The acronym is everywhere in clinical trials. Previously I mentioned that in 21st Century Cure Act, an acronym RAT was used for Regnerative Advanced Therapy designation – the term ‘RAT’ was criticized and later was changed to MRAT(Regenerative Medicine Advanced Therapy) in FDA’s implementations.

Now we have a pair of names SAD and MAD commonly used in early phase clinical trials. It does not mean anybody will be sad or mad. A sponsor should be happy (not SAD or MAD) when its development program can progress into the clinical trial stage.
  
SAD stands for single ascending dose and MAD stands for multiple ascending dose. SAD and MAD studies are typically the first-in-human (FIH) studies. They seek to gain information on safety and tolerability, general pharmacokinetic (PK), and pharmacodynamic (PD) characteristics, and identify the maximum tolerated dose (MTD). SAD/MAD study can also be used to test the cardiac safety and evaluate QT/QTc prolongations.

There may be a lot of dose escalation studies that belong to SAD and MAD studies even though the SAD/MAD terms are not used. For example, the popular 3+3 design is one type of the SAD/MAD study with focuses on safety and tolerability.  
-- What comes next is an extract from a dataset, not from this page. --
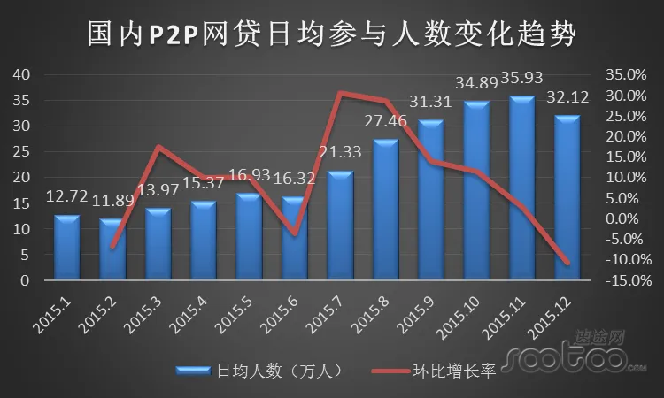 速途研究院2016年2月18日报告(分析师 侯长海)P2P网贷行业在2015年可以说是飞速发展,多元化的投资模式,弥补了当前中国传统金融业务上的缺失,因其高利率、回报快的特点收到越来越多的投资者追捧。然而在市场初期,过度的扩张并非良性,中国P2P市场上的问题平台不断,e租宝等事件给众人敲响警钟,投资者从激情开始回归理智。为规范网络借贷信息中介机构业务活动,促进网络借贷行业健康发展,2015年年底银监会会同工业和信息化部、公安部、国家互联网信息办公室等部门研究起草了《网络借贷信息中介机构业务活动管理暂行办法(征求意见稿)》,成为P2P市场发展的又一里程碑。

SAD/MAD studies are usually conducted in healthy volunteers in clinical research unit (CRU) or phase I unit. But they can be conducted in patients when it is unethical to test the experimental drug (for example, the oncology drugs and plasma-derived drugs) in healthy volunteers. SAD/MAD studies can be combined into one study within the same study protocol or conducted as two separate studies.

For SAD studies, the starting dose is based on the pre-clinical and animal studies. For MAD studies, the starting dose is usually based on results from the SAD study.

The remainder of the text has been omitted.